Figure 6 shows the charge and discharge curve of 0.5Li2MnO3·0.5Li(Ni0.44Mn0.44Co0.12)O2 electrode in the first two cycles. Due to the limitation of the high voltage range of the electrolyte, the test voltage range of the battery is 2.5–4.8 V. The cyclic capacity tests were carried out at room temperature and 55 °C under a current density of 50 mAg−1. It was shown that the first cycle charging capacity of the battery at 55 °C is slightly higher than that at room temperature, but the discharge capacity is relatively lower, indicating that the battery at high temperature has a larger irreversible capacity loss of 28.5% in the first cycle than that at room temperature of 22.7%. It can also be observed from the cycle performance curve in Figure 7 that the discharge capacity of the battery tested at room temperature attenuates from 279.4 mAhg−1 to 250 mAhg−1 after 50 charge-discharge cycles and the capacity retention rate reaches 89.5%. The discharge capacity of the battery tested at 55 °C decays from 264 mAhg−1 to 198.3 mAhg−1 after 50 cycles, and the capacity retention rate reaches 77.4%.

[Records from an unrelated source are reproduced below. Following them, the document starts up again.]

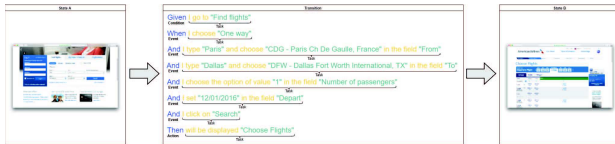
Fig. 1. State Machine representing a Scenario transition

other one resultant of the action were represented as States. Scenarios in the Transition state have always at least one or more Conditions (represented by the “Given” clause), one or more Events (represented by the “When” clause), and one or more Actions (represented by the “Then” clause). These elements always trigger instances of tasks that are represented as the Steps of Scenarios.
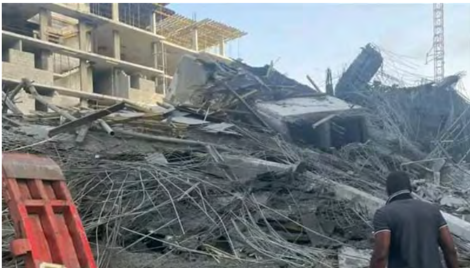
Rubble of the collapsed building at Banana Island
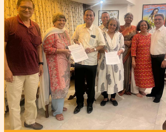
Signing of the MoU with RCBHS

If you too can support our work in some capacity and help us build a safer world for more children, please contact us at mudita@muditafoundation.in to explore opportunities of collaboration.

Figure 8 shows the magnification performance test results of 0.5Li2MnO3·0.5Li(Ni0.44Mn0.44Co0.12)O2 electrode under different charging and discharging current densities (50/100/200/500 mAg−1) at 2.0–4.8 V. It can be observed that the reversible capacity of the battery is close to 270 mAhg−1 with the current density of 50 mAg−1, and it is still 170 mAhg−1 with the current density of 500 mAg−1, with the capacity retention rate reaching 63%.
Although such performance and magnification performance still cannot well meet the increasing requirements of high temperature working environments and fast charging of power batteries, Further improvements can be made to the overall performance of lithium manganese-based electrode materials by controlling the material composition and morphology, coupled with appropriate material modification and appropriate electrolyte. With the development of power battery technology, Li-manganese-rich electrode materials will be more widely used.

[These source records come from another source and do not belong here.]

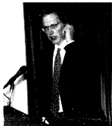
Bill Joy, chief scientist and co-founder of Sun Microsystems

For an awards ceremony, the evening tackled serious subjects.
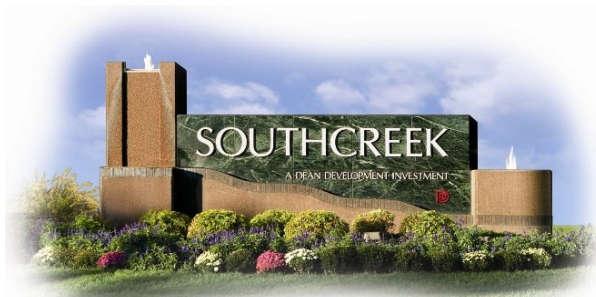
Building II—12920 Metcalf., OPKS
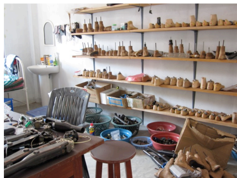
Limb Prosthesis Lab

In the years to come, we hope these youth will take a lead role in the activities of Sivan Arul Illam and the like so that we continue with this humanitarian work!

3.3. Electrochemical Study
Figure 9 shows the Nyquist diagram of 2.5–4.8 V during the first charge and discharge of 0.5Li2MnO3·0.5Li(Ni0.44Mn0.44Co0.12)O2 electrode at room temperature. It can be observed that the Nyquist diagram with an open circuit potential of 3.3 V is presented as a small arc in the high frequency range, an arc in the middle-high frequency range, and a large arc in the middle-low frequency range. As for the two small arcs in the high frequency range, they are respectively attributed to the contact resistance and the transmission resistance of lithium ions in the SEI. As the electrode polarization potential increased from 3.3 V to 3.9 V, the arc of the middle-low frequency range gradually curved and evolved into a semicircle in the middle frequency range and a slash in the low frequency range at 3.9 V. At this point, the Nyquist diagram consists of four parts: two arcs, one semicircle, and a slash. According to previous results, the semicircle in the middle frequency range is attributed to the charge transfer process, while the slant in the low frequency range is attributed to the solid diffusion process of lithium ions within the active material particles of the Li-manganese-rich electrode. As the electrode polarization potential continues to increase, the semicircle in the middle frequency range transforms back into an arc and shifts away from the real axis. Finally, the semicircle in the middle frequency range and the slash in the low frequency range turn into a large arc in the low frequency range at 4.7 V. In the process of the first discharge, the arc in the low frequency range changes towards or away from the real axis as the electrode potential changes, but it does not evolve into a semicircle or slash through the discharge process.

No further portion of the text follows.